Echos of the Tsar: 1er REC at 100
The French Army’s 1er Régiment Étranger de Cavalerie (1er REC) was created on 8 March 1921 at Sousse in Tunisia. An important and historic trading post and waypoint, at the time the city was small, numbering just 25,000 inhabitants, most of whom were French colonials, Maltese, and a large contingent of exiled White Russians.
Speaking of which, the new mounted cavalry unit, the first in the French Foreign Legion, contained a large number of skilled horsemen who learned their trade in the Tsar’s Cossack and Horse Guard units and had, until very recently, still plied it under the banners of counter-revolutionary warlords such as Kaledin, Kransov, and Mamontov.

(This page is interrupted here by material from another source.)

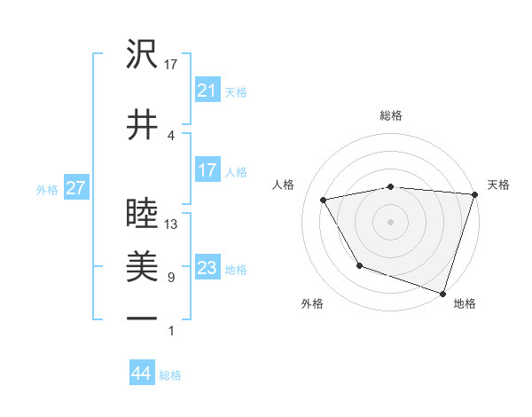 沢井 睦美一さんを姓名の画数から五運を鑑定

An undated photo of members of the 2nd Gorsko-Mozdoksky Regiment of the Terek Cossacks. Note the M91 Cossack Model carbine, placing the time frame into the early 1900s at least.
In all, of 1er REC’s inaugural draft of 156 troopers, 128 were Russians. As many were former officers and nobles, the unit soon gained the nickname “Royal Etranger.” The regiment was soon balanced out by former out of work cavalrymen from Austria, Germany, and Hungary, which surely led to some interesting Friday nights once the wine was broken out.
The unit would soon see use in Syria and Morocco as traditional cavalry and by the late 1930s would trade in their horse flesh for armored cars and light tanks. Equipped after the Torch Landings by the U.S., the reinvigorated unit would help liberate metropolitan France in 1944 and take the war to the Germans in 1945, the first time 1er REC operated in Europe. They earned battle honors for actions in Colmar and Stuttgart.
Post-war was far from the outbreak of peace for the Legion, and 1er REC was heavily involved in Indochina for nine hard-bitten years before coming back to open rebellion in Algeria in 1954.
Once France quit North Africa, they moved to France in 1967 and today remain the Legion’s only dedicated armored unit, using 105mm cannon-equipped AMX 10 RC 6×6 fighting vehicles and based (when not on campaign) at Camp de Carpiagne in Aubagne.
In the 1980s they served in Chad against the Libyans, took fire along U.S. Marines in Beirut, then raced into Western Iraq in Desert Storm, policed the Former Yugoslavia, and have been heavily involved in both Afghanistan and more recently the unending French nightmare in Mali.